In February 2008, Atlanta-based company WETKEYS Washable Keyboards launched with five of its own products for use in the medical equipment and industrial process control industries, and quickly attracted attention from six of the world’s leading manufacturers of washable data entry devices. Within a three-month window, WETKEYS moved from being solely a designer and manufacturer of these products to also being a retailer when it began selling other manufacturers’ products through its online store WETKEYS.com.
Today WETKEYS.com offers the widest selection of completely sealed, washable keyboards and computer mice available on the Internet. These products – completely spill-proof, germ-resistant, and food, dust and contaminant proof – are designed specifically for use in labs and other health care or food safety applications. With WETKEYS washable products, businesses can replace their standard keyboards and mice to maintain a healthier workspace and reduce the spread of germs.
The company began with two founders: David Malo, current acting COO, and Paul Lawrence, director of design and marketing. Malo has extensive experience in technology deployment across large companies such as video-on-demand services and infrastructure for COMCAST Cable, Liberty Media and UPC of Europe. Lawrence has been a real estate developer with experience in architecture and product design. Both came together to create the products, online store and company infrastructure after they spent nearly a month in China sourcing the parts and an OEM manufacturer to produce their products.
Their first wireless version of a keyboard and mouse were named as one of the Top 10 Tech Gifts of 2008 by CNBC’s technology reporter Jim Goldman. However, WETKEYS’ notoriety was not translating into sales, so the management team sought assistance from the Advanced Technology Development Center, Georgia Tech’s startup accelerator that helps Georgia technology entrepreneurs launch and build successful companies.
“We joined ATDC in October 2009, soon after ATDC opened its membership to all technology entrepreneurs in Georgia, from those at the earliest conception stage to the well-established, venture fundable companies,” said Lawrence. “I like to think of us as the new generation of ATDC company because when we joined we were already selling viable products, unlike many traditional ATDC startup companies in concept stage.”
According to Lawrence, WETKEYS needed to find a broader distribution for its products rather than relying solely on its online store, and this is where ATDC has been helpful. WETKEYS exhibited at the ATDC Showcase in April and immediately connected with other companies that have offered to assist. J.J. Roberts and Bill Kunz, volunteer sales mentors at ATDC, have also been instrumental in helping WETKEYS identify new customers and refine its selling approach. In addition, Tom Larkin of Georgia Tech’s Procurement Assistance Center (GTPAC) has assisted with navigating the intricacies of government contracting, and is directing the company on how to become registered to do business with various U.S. government agencies including the Navy and VA Hospital system.
WETKEYS has added four employees since it joined ATDC and has more than doubled its sales. Lawrence said he expects to have a new product designed every quarter including its most recent introduction of rechargeable Bluetooth wireless keyboards compatible with Android and iPad/iPhone4 portable devices. WETKEYS products are currently being used by the U.S. Navy, Harvard Medical School, Purdue University, Quest Diagnostics, Georgia-Pacific, Coca-Cola, Walt Disney Animation, Westinghouse Nuclear Electric, among others.

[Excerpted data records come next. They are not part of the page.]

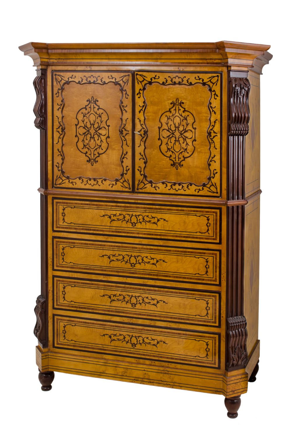 CHIFFONIERE stile Carlo X in acero con perfili in palissandro con quattro cassetti e due ante. Sicilia XX secolo Misure: cm 134 x 62 x h 180
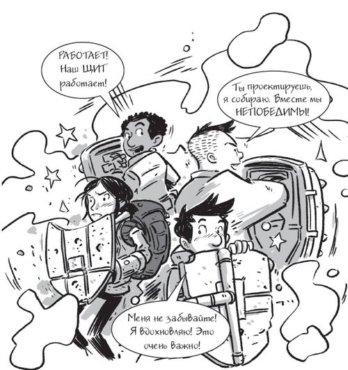 Молния на рюкзаке лопнула, и из него вылетел металлический щит! Он разложился на лету: элементы механизма разворачивались один за другим, пока не сложились в сплошную пластину-полумесяц.
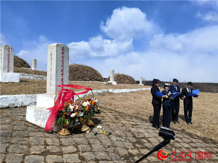 今年是中國人民志愿軍抗美援朝出國作戰(zhàn)75周年。3月30日,在清明節(jié)即將到來之際,中國駐朝鮮大使王亞軍率中國駐朝鮮使館、駐清津總領(lǐng)館全體館員、在朝中資機(jī)構(gòu)和媒體代表、旅朝華僑代表等近60人趕赴咸鏡南道長津郡,祭掃長津邑、新興里中國人民志愿軍烈士陵園,向長津郡下碣隅里楊根思烈士紀(jì)念碑敬獻(xiàn)花籃,祭奠緬懷在長津湖戰(zhàn)役中犧牲的中國人民志愿軍英烈。
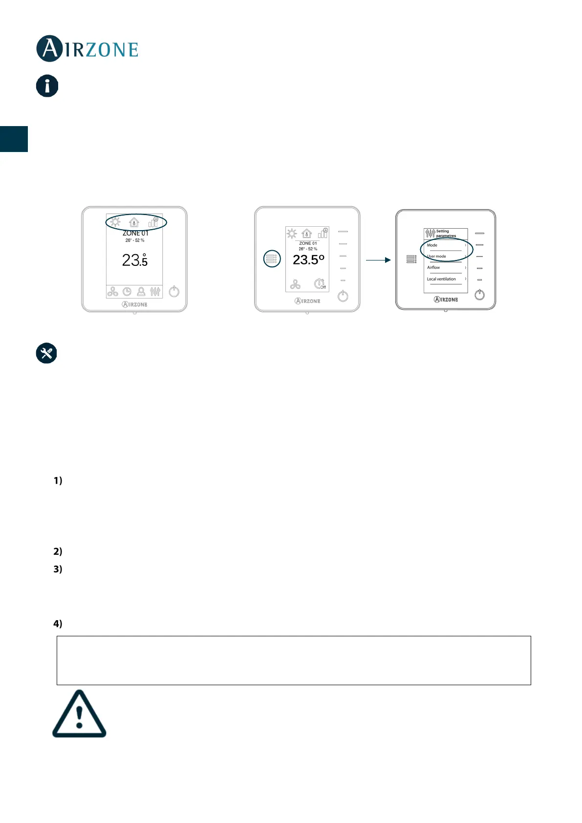 Airzone systems enable the management of Main and Zone interfaces. Main controllers enable mode management or user

“There is a tremendous amount of assistance and resources in ATDC that you just don’t get in commercial competition,” Lawrence noted. “The level of motivation jumps dramatically when you are around other companies in similar situations.”
Moving forward, the company’s distribution strategy will be in channel sales. WETKEYS recently entered into international distribution agreements with established health care IT distributors in Canada, Australia and New Zealand. Its latest keyboard design has been deployed into three major hospital systems in those countries.
Although the company is not quite ready to seek venture funding, Lawrence said they will welcome ATDC’s expertise in grants and funding. In particular, WETKEYS expects to tap into some of the $1.9 billion set aside by the U.S. government for electronic health records implementation.